Экономка подала мне кофе.
— Подожди, — сказала она парню и пошла в комнату.
— Кто же тебя послал?
— Да я уж сам подумал, может, они пришли бы, — сбивчиво проговорил молочник. — Мать-то, того и гляди, совсем задохнется. Уже третий год пошел, как у ней задышка… С осени слегли и все говорят, что смерти ждут… Так уж пусть и не думают, что я даже врача не позвал, раз отец не хочет… Двух кроликов вот продал… заплачу как полагается, если бы пан доктор согласились прийти, да хоть и довез бы, дорога-то плохая. Тут у меня повозка, — он махнул рукой, показывая назад, за спину, где на улице стояла его повозка.
— А сколько тебе лет?
— Двадцатый пошел.
И правда, подумалось мне, такой простак на первый взгляд, а говорит толково. Видать, и вправду ему двадцать будет.
— Да ты уж совсем жених, — сказал я, добавив про себя: «А выглядит мальчикам». — В школу-то ты ходил, читать умеешь?

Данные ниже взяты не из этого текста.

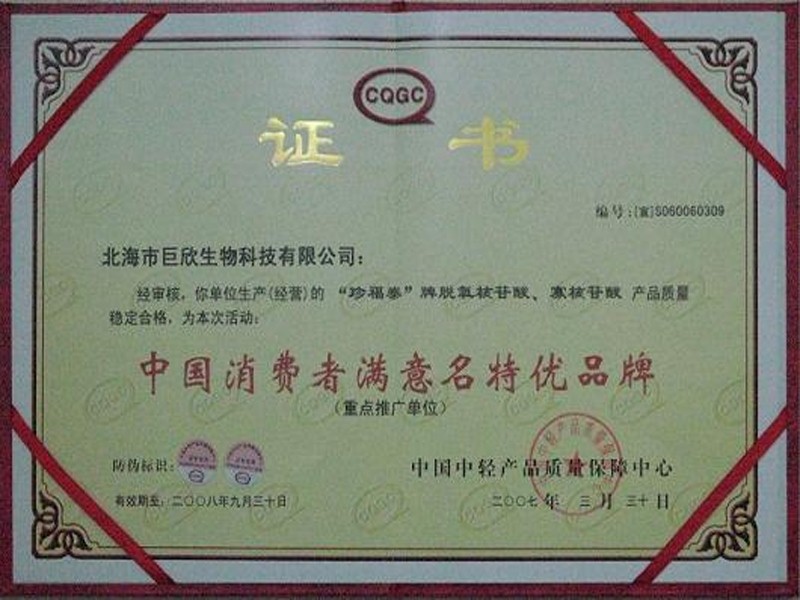 2007年3月28日,“珍福泰”膠囊被中國中輕產(chǎn)品質(zhì)量保障中心批準(zhǔn)為“中國消費(fèi)者滿意名特優(yōu)品牌”。
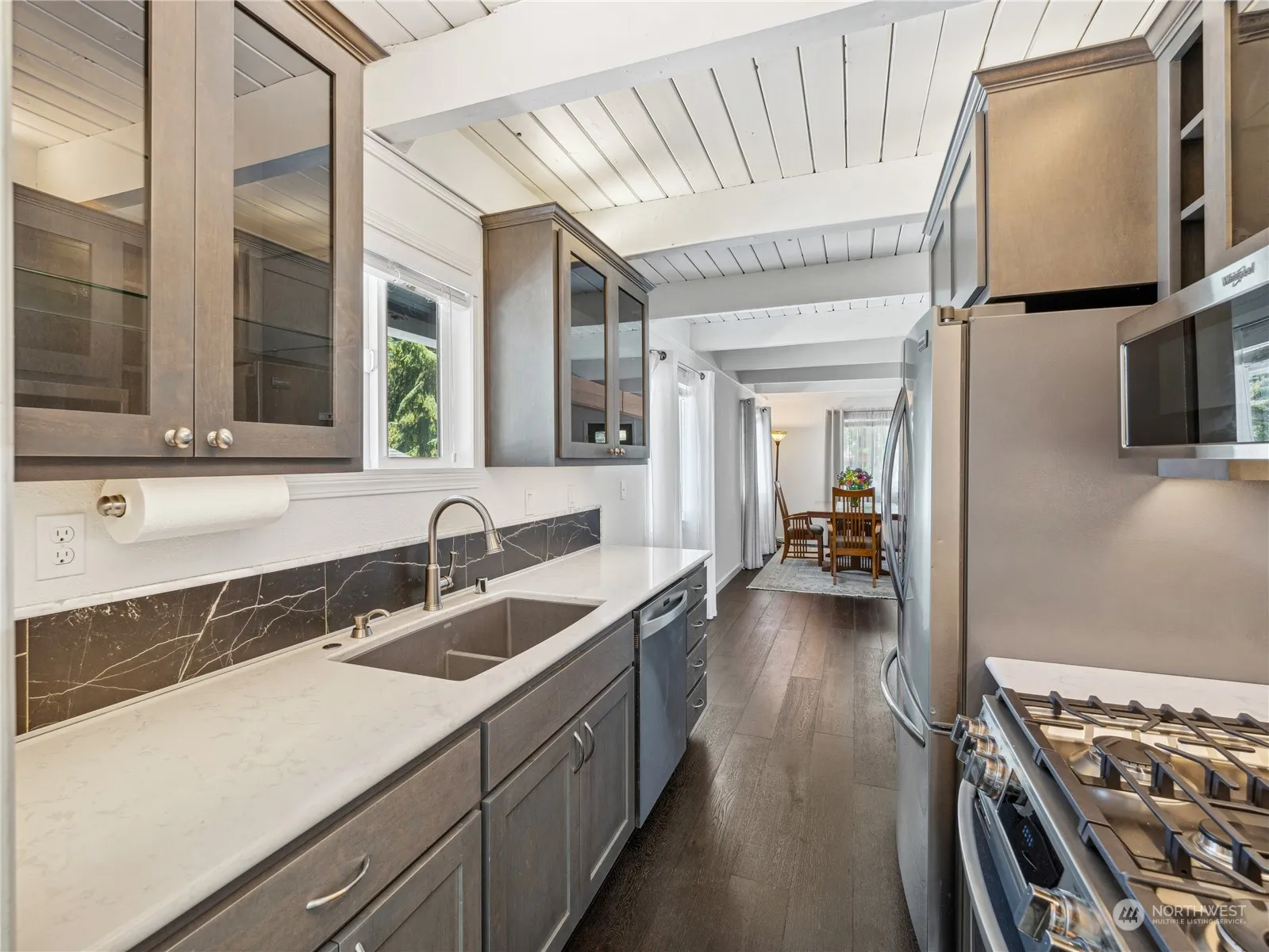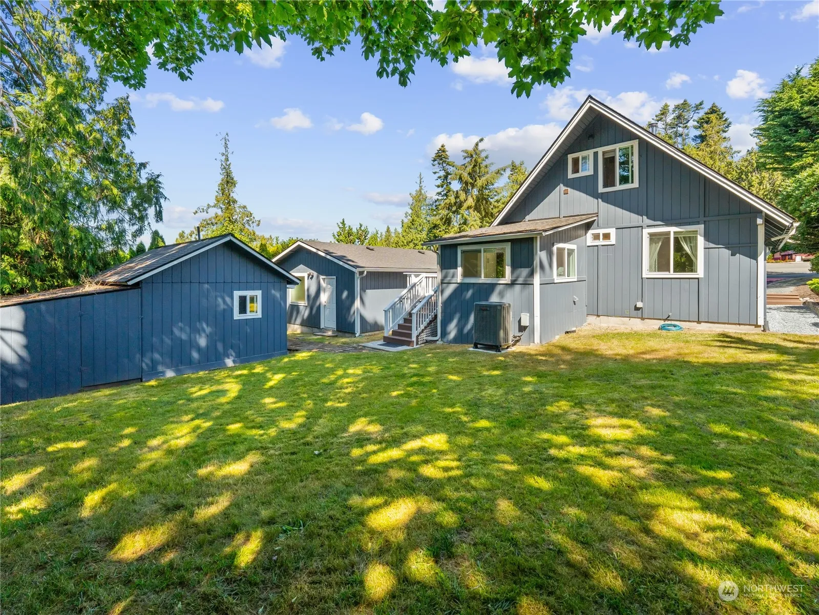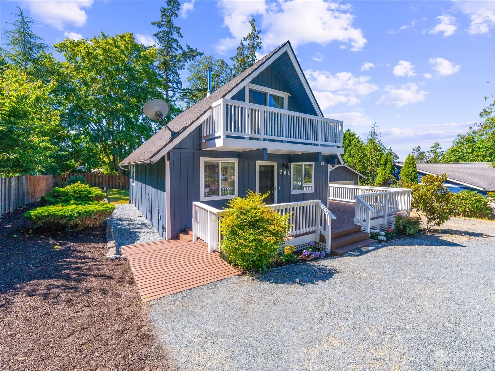 Northwest Chalet style home. Well maintained with updated kitchen, solid surface counters, quality cabinets & stainless steel appliances. Engineered hardwood flooring in living area, cozy wood burning stove & big windows. Large wrap around deck on main level and fenced back yard for outdoor entertaining. Nice sized Laundry/utility room off kitchen. One bedroom one bath on each level, Primary bedroom has built in storage, office/ hobby area, and a deck to enjoy. Detached Studio to use as work out area, office, guest room. Oversized detached garage, with custom cabinetry. Level yard. Community amenities include, swimming pool, tennis & Pickle courts, golf, private beaches, BBQ & picnic areas, Library, club house, marina, boat launch ramp.
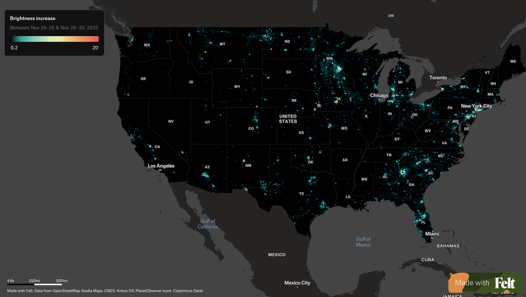 This map compares averaged nighttime brightness before Thanksgiving (Nov 24th – 26th) to averaged brightness a few days after (Nov 28th – Nov 30th).
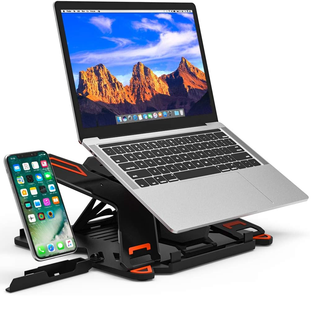 - Stable And Protective: This adjustable laptop stand is made of special plastic materials, it is sturdy, support up to 44 lbs(20kg), no worry any wobble at all; two holders designing on on the bottom part make your latop more stable, rubber pads on the top and bottom secure your laptop in place and prevent any scratches.

— В деревне-то пока жили, ходил, а после, как мы в замок нанялись, там уж не ходил. Но вот «Псалтырь» могу читать. Вот и нынче, когда матери плохо, заснуть не могут, я и читаю по ночам разные песни, «Град могучий», к примеру… всю без книжки знаю. И вот эту знаю: «Время радости…» и «Сила божья, чудная…» — два стиха. И еще знаю…
— А кто тебя научил?
— В школе, да и мать умеет.
— А отец? Отец у тебя есть?
— Есть, да он с нами не живет.
— А где же? — полюбопытствовал я.
— Уже целую зиму у этой сучки…
— У кого?
— У скотницы. К нам и есть не приходит.
— Почему?
— Мать-то лежат, а мое варево он, мол, жрать не будет, мать-то съедят, да и я тоже. Да еще, мол, некому ему постирать да пошить. Я-то сам себе…
— Ну, а мать-то отец иногда навещает?
— Заходит… Да он все к скотнице перетаскал, с ней и живет.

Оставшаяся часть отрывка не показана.